Image by Flickr user Lucid NightmareImage by 20081113-st-marys.jpg The outside of St. Mary's Catholic Church in Greenville.
A Catholic church in downtown Greenville is calling on its parishioners to repent if they voted for Barack Obama. Essentially connecting the dots to say that a vote for Obama was a vote for abortion.
Father Newman of the Greenville church writes:
Voting for a pro-abortion politician when a plausible pro-life alternative exits constitutes material cooperation with intrinsic evil, and those Catholics who do so place themselves outside of the full communion of Christ’s Church and under the judgment of divine law. Persons in this condition should not receive Holy Communion until and unless they are reconciled to God in the Sacrament of Penance, lest they eat and drink their own condemnation.

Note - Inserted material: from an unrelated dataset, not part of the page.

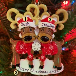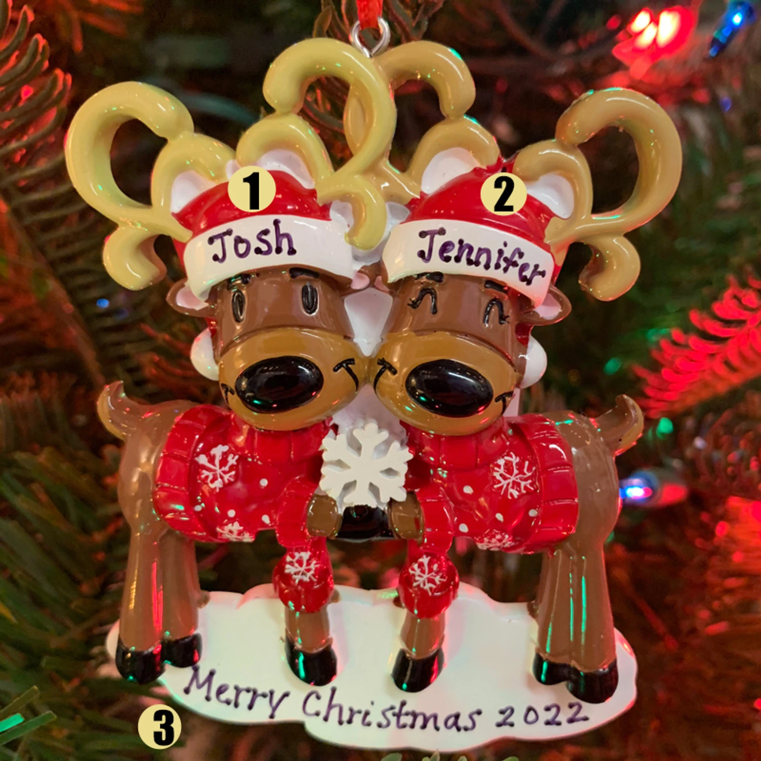 Celebrate you and your loved one this holiday season with this adorable reindeer couple! Each one has on a matching red sweater with white snowflakes and happily hold a white snowflake in their hooves! With smiling faces, this is sure to be a keepsake that you will cherish for Christmases to come! Get your names and the year written to commemorate your love! Made of resin. Item #: OR2256-2Â
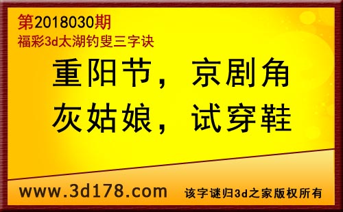 3d第18030期太湖字谜:重阳节,京剧角,灰姑娘,试穿鞋

While the Democrats are known for being "immoral" in their support of abortions, the Republican party has shown itself to be no less "immoral" in its support of the Iraq and Afghanistan wars which has lead to the deaths of thousand of innocents, many of whom were pregnant.
I don't doubt the seriousness of abortion, but this whole business of saying that voting for one party is a cause to repent is silly. To flatly call a whole side more immoral than another while only looking at one isolated issue is to act blindly. I would respect the stance more if they had said repentance was necessary based on the relative difference in morality between the two candidates.
But, I suppose it all depends on what measuring stick you want to use.
Go read all about it at GreenvilleOnline.com, or read Father Newman's whole statement.
Update November 14: And, there we have it. The Monsignor of of South Carolina Martin T. Laughlin has effectively come out opposing Father Newman's broad remarks, saying in a statement:
This past week, the Catholic Church’s clear, moral teaching on the evil of abortion has been pulled into the partisan political arena. The recent comments of Father Jay Scott Newman, pastor of St. Mary’s Catholic Church in Greenville, S.C., have diverted the focus from the Church’s clear position against abortion. As Administrator of the Diocese of Charleston, let me state with clarity that Father Newman’s statements do not adequately reflect the Catholic Church’s teachings.
Go read his whole statement, or watch his video recording.
Update November 18: In what appears to be the final word on the matter, Father Newman addressed his congregation on Sunday and did say he spoke in error, but only that he should have structured his argument better.
Go read about it at The Greenville News.
Given the backlash he's experienced, I doubt we'll see that more thorought argument. But I would welcome it.